1. Inference with HuggingFace Transformers and vLLM (no vLLM support for VLMs at the moment)
2. Pretraining
3. Finetuning (Classification and Supervised Finetuning for Generation)
4. Preference Optimization (Direct Preference Optimization, Contrastive Preference Optimization)
5. Unlearning (Gradient Ascent, Negative Preference Optimization)

All code is based on HuggingFace Transformers and TRL and supports FSDP with multiple GPUs.

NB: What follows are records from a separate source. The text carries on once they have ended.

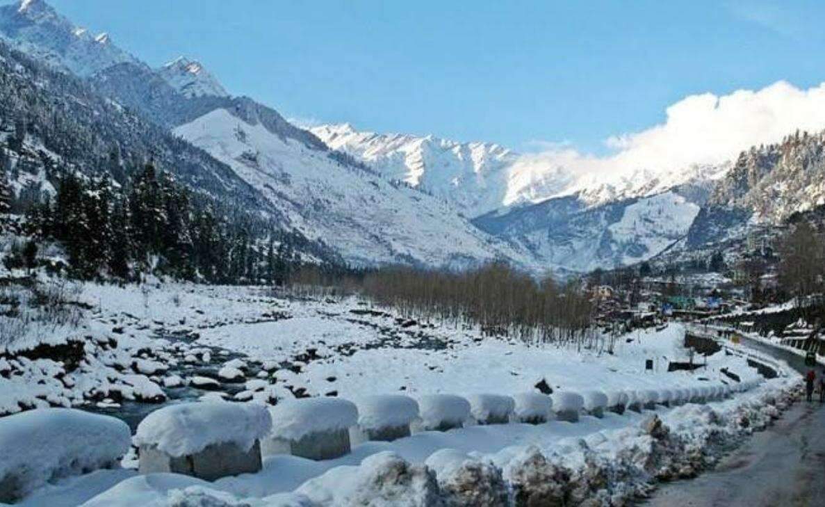 Manali, nestled in the Himachal Pradesh region near Delhi, is a beloved destination for snow enthusiasts. During winter, the landscape transforms into a snowy wonderland with sloping mountains draped in pristine white. The picturesque town offers an idyllic setting for snowfall experiences, where visitors can revel in the crisp mountain air and enjoy the beauty of clear blue skies amidst the snowy scenery.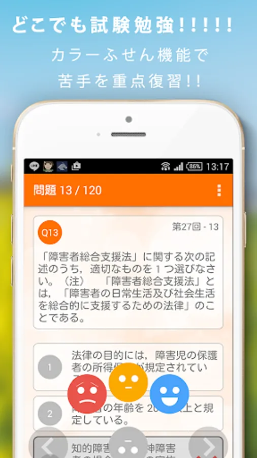 Care worker's memorization card + past problem collection with complete commentary! You can create your own set of questions according to the event, field, and problems you are not good at, so you can thoroughly study important items. 2021 (34th), 2020 (33rd), 2019 (32nd), 2018 (31st), 2017 (30th), 2016 ( 29th), 2015 (28th), 2014 (27th), 2013 (26th), and 2013 (24th)! You can use colored sticky notes for review and only solve problems with many mistakes, so you can study efficiently anytime, anywhere in your spare time. The score function is also substantial, and the answer rate, correct answer rate, and area are analyzed.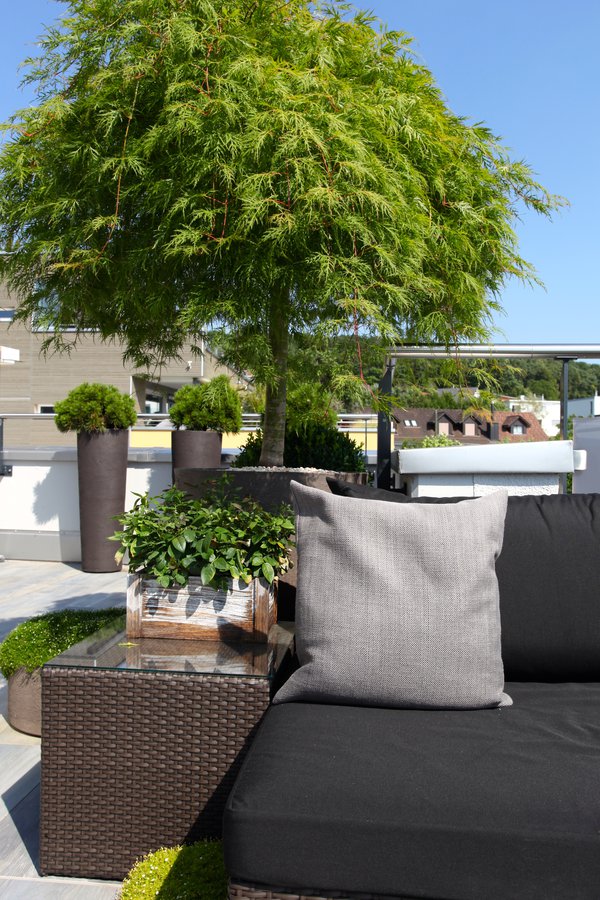 Japanischer Ahorn, Rattanmöbel, Terrasse Garten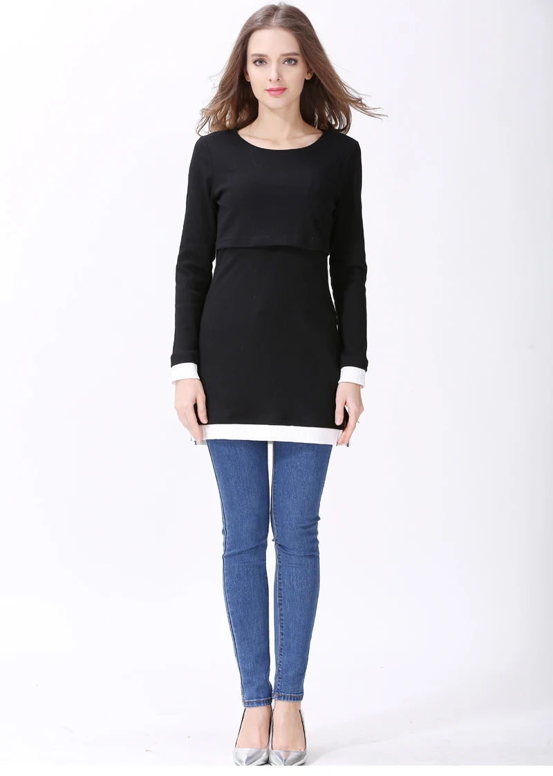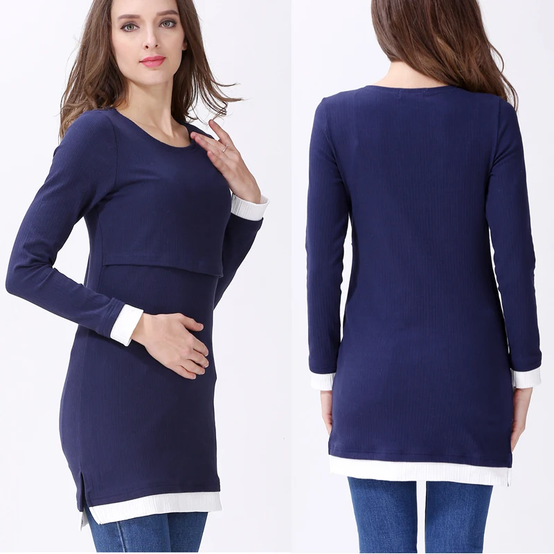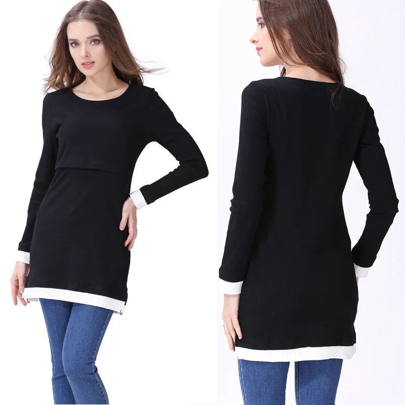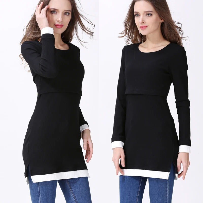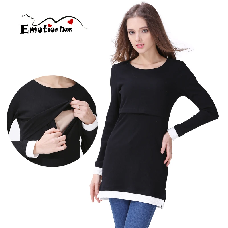 Comprar Ropa de maternidad, Tops de lactancia de manga larga, ropa de lactancia con cuello alto para mujeres embarazadas, camisetas de Otoño Invierno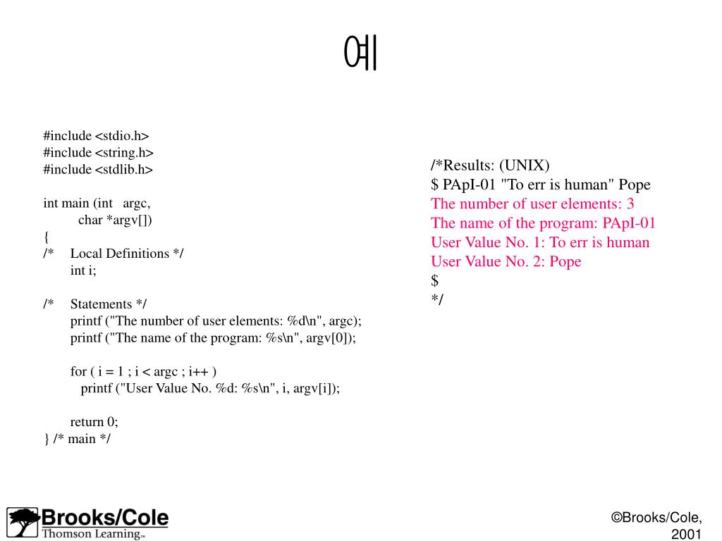 #include <stdio.h> #include <string.h> #include <stdlib.h> int main (int argc, char *argv[]) { /* Local Definitions */ int i; /* Statements */ printf ("The number of user elements: %d\n", argc); printf ("The name of the program: %s\n", argv[0]); for ( i = 1 ; i < argc ; i++ ) printf ("User Value No. %d: %s\n", i, argv[i]); return 0; } /* main */ 예 /*Results: (UNIX) $ PApI-01 "To err is human" Pope The number of user elements: 3 The name of the program: PApI-01 User Value No. 1: To err is human User Value No. 2: Pope $ */
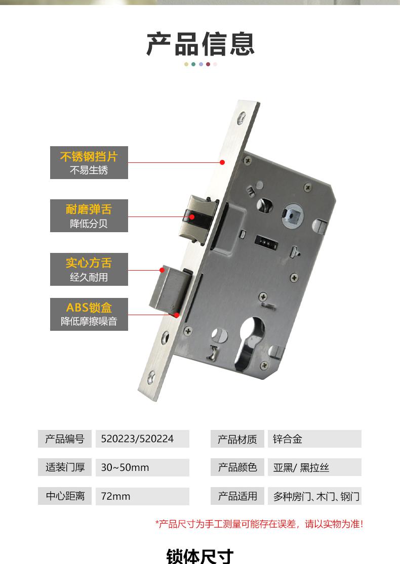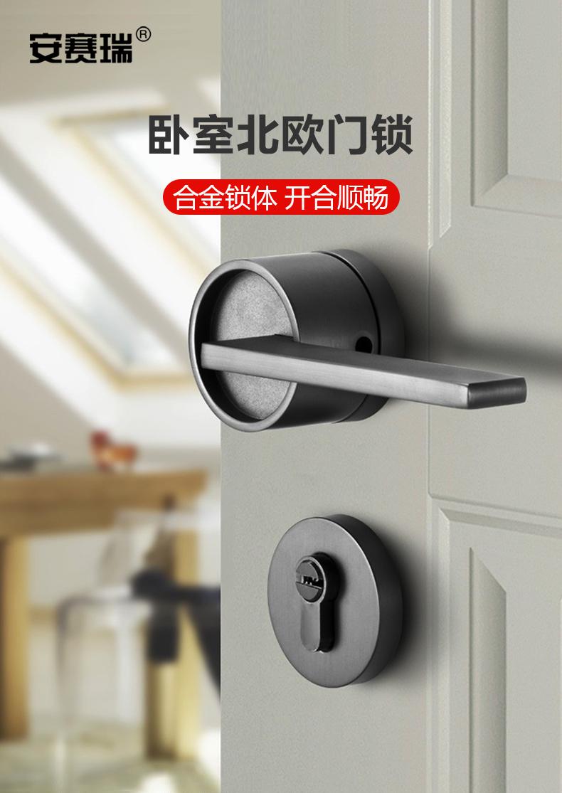 安赛瑞 520223 室门锁 后现代简约实木房门低噪音锁 亚黑按个销售   收藏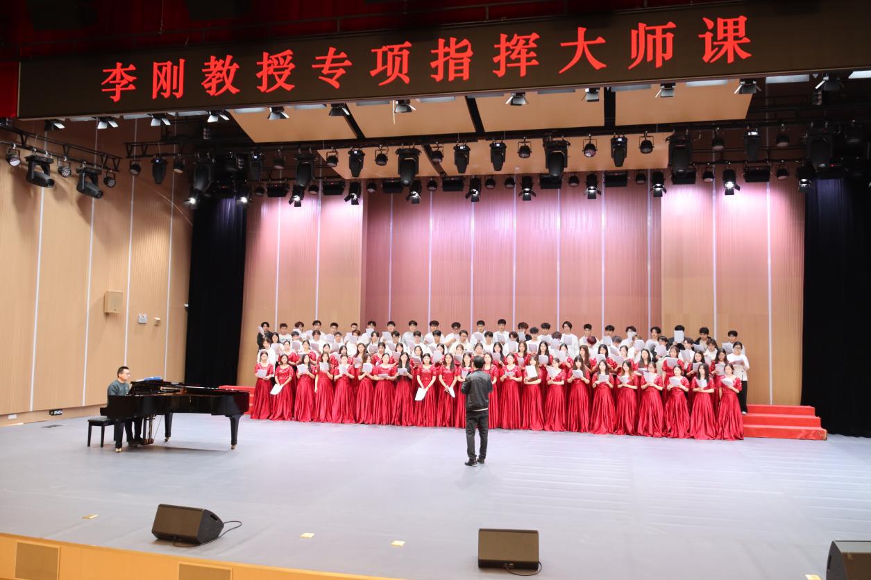 专题讲座后,参会人员移步至青年音乐厅,李刚为77779193永利官网集团师生现场授课,并现场指导77779193永利“红石榴”艺术团合唱团排练《故乡的亲人》《保卫黄河》两首曲目,学生在李刚高水平的指挥带领下激情洋溢,热情投入,沉浸其中。李刚高度称赞了学院教师教学水平、并指出合唱团学生悟性高、训练有素、基本功扎实,具备较高水平,鼓励学生多排练曲目,多参加专业赛事,为高质量就业打下坚实基础。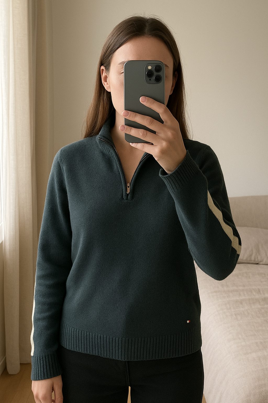 Sweat 1/4 zip Tommy Hilfiger – femme taille M – bleu marine – bandes blanches – petits défauts C10 debout, face à la caméra, dans une chambre à la lumière douce, avec une lumière naturelle filtrant par la fenêtre.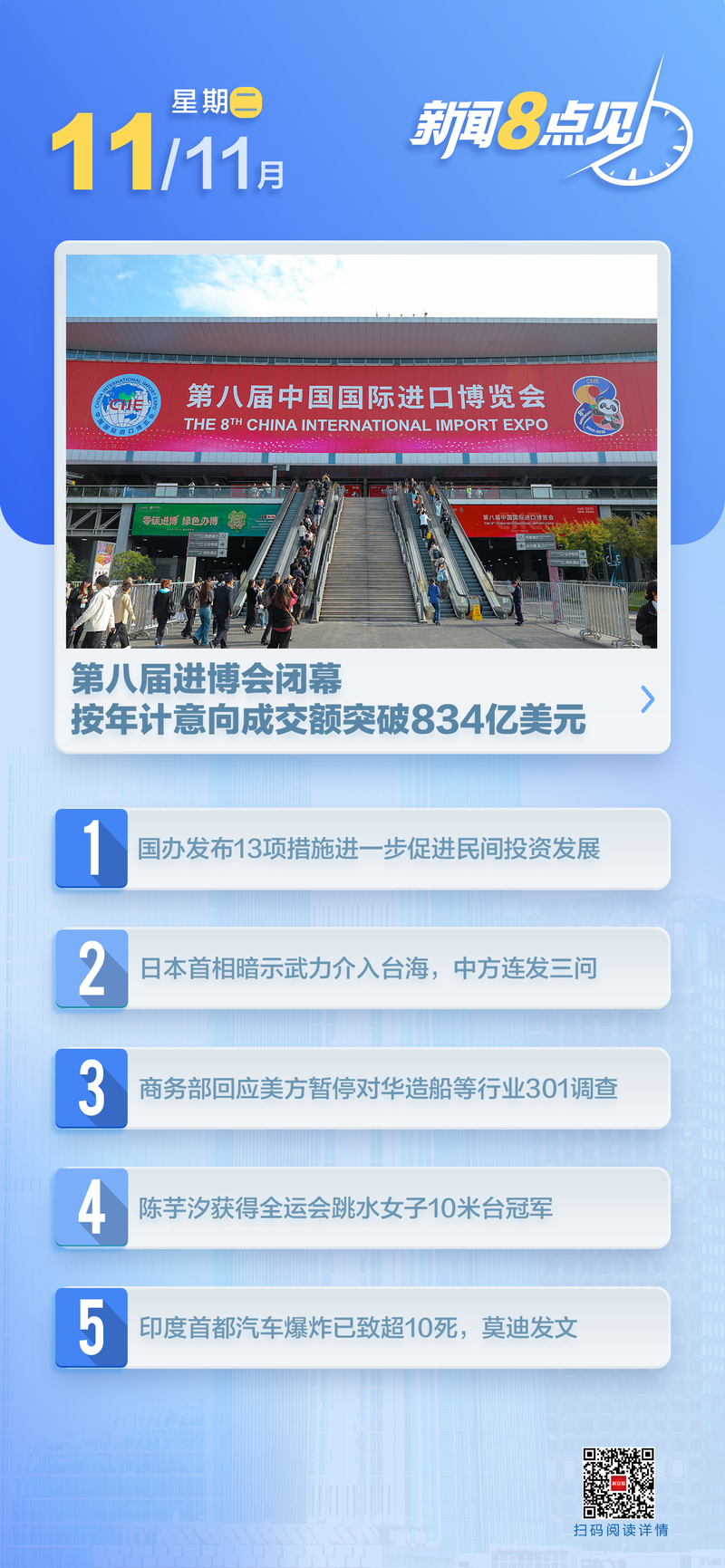 11月10日,第八屆進博會閉幕新聞通氣會在國家會展中心(上海)舉行。據中國國際進口博覽局黨委書記、副局長吳政平介紹,本屆進博會企業(yè)展面積超過36.7萬平方米,共有來自138個國家和地區(qū)的4108家企業(yè)參展,展覽面積和企業(yè)數量均創(chuàng)歷史新高。其中,世界500強和行業(yè)龍頭企業(yè)達290家,180家企業(yè)成為“八屆全勤生”,充分體現中國超大規(guī)模市場的強大“磁吸力”。本屆進博會成交活躍,按一年計意向成交額達834.9億美元,比上屆增長4.4%,創(chuàng)歷史新高。(新京報)閱讀全文>>>

This branch is being actively worked on and may have breaking changes pushed to it at any time. If you want to use a stable version of the code base without running the examples/tests or actively adding features, see the app branch instead.

Setup

First, clone the repo, then follow the instructions to set up the environment with the right packages and Python version. Before running anything, you should make sure to populate the essential fields in the config files. After that, run:

python configs/create_env_file.py

That's all the setup you need for inference, but for training, you will need to set up a couple of additional things.

Log in to WandB with

wandb login

That's it! You can now run the code. Test that the code base works fine by running:

bash tests/test_all.sh

If this fails, then isolate the problem by following the test instructions

FSDP (Optional)

If you want to use FSDP or Accelerate distribution, then set up the accelerate config file. In general, I recommend you do not do this unless you know what you're doing / you have a good reason to try it. Accelerate FSDP etc. is a bit buggy and can considerably slow down model training / saving for what seems to be little gain.

accelerate config

Common Setup:

• This Machine
• multi-GPU
• 1 node
• No checking distributed ops
• No torch Dynamo
• Enter number of available GPUs when asked
• mixed precision bf16

Basic Setup:

• No DeepSpeed, FSDP, Megatron
• yes numa efficiency

FSDP:

• No DeepSpeed
• Yes FSDP
• FSDP version 2
• Choose defaults for enable resharding (yes), offload (no)
• Transformer Based Wrap => yes to use the model's _no_split_modules
• SHARDED_STATE_DICT state dict type
• Yes to CPU RAM efficient model loading
• No to activation checkpointing
• No to parallelism config

The FSDP configuration gives me the accelerate config (at <path_to_huggingface>/accelerate/default_config.yaml) yaml:

compute_environment: LOCAL_MACHINE                                                                                                             
debug: false                                                                                                                                   
distributed_type: FSDP
downcast_bf16: 'no'
enable_cpu_affinity: false
fsdp_config:
  fsdp_activation_checkpointing: false
  fsdp_auto_wrap_policy: TRANSFORMER_BASED_WRAP
  fsdp_cpu_ram_efficient_loading: true
  fsdp_offload_params: false
  fsdp_reshard_after_forward: true
  fsdp_state_dict_type: SHARDED_STATE_DICT
  fsdp_version: 2
machine_rank: 0
main_training_function: main
mixed_precision: bf16
num_machines: 1
num_processes: 8
rdzv_backend: static
same_network: true
tpu_env: []
tpu_use_cluster: false
tpu_use_sudo: false
use_cpu: false

If you want to use accelerate to launch the training script with FSDP etc, instead of running train.py with python train.py --args, you must use accelerate launch train.py --args

Examples

I have a set of examples that show how to use the code for different tasks. The examples cover most functionality of the code.

Project Organization

Inference

The entry point for inference is the infer.py script. It supports both HuggingFace Transformers and vLLM inference pipelines for both Language Models and Vision Language Models. The call to inference has three components:

1. Core arguments: These are found in the click declaration of the function main and should be passed in right after the filename with python infer.py --modality vlm etc
2. Framework selection: This is done with the hf or vllm command, which selects the HuggingFace Transformers or vLLM inference pipeline respectively. e.g. python infer.py --model_name <name> hf
3. Framework specific arguments: These are passed in after the hf or vllm command. For example, python infer.py --model_name <name> hf --batch_size 8 will run inference with the HuggingFace Transformers pipeline. See the huggingface and vllm inference files for the arguments that can be passed in after the hf or vllm command.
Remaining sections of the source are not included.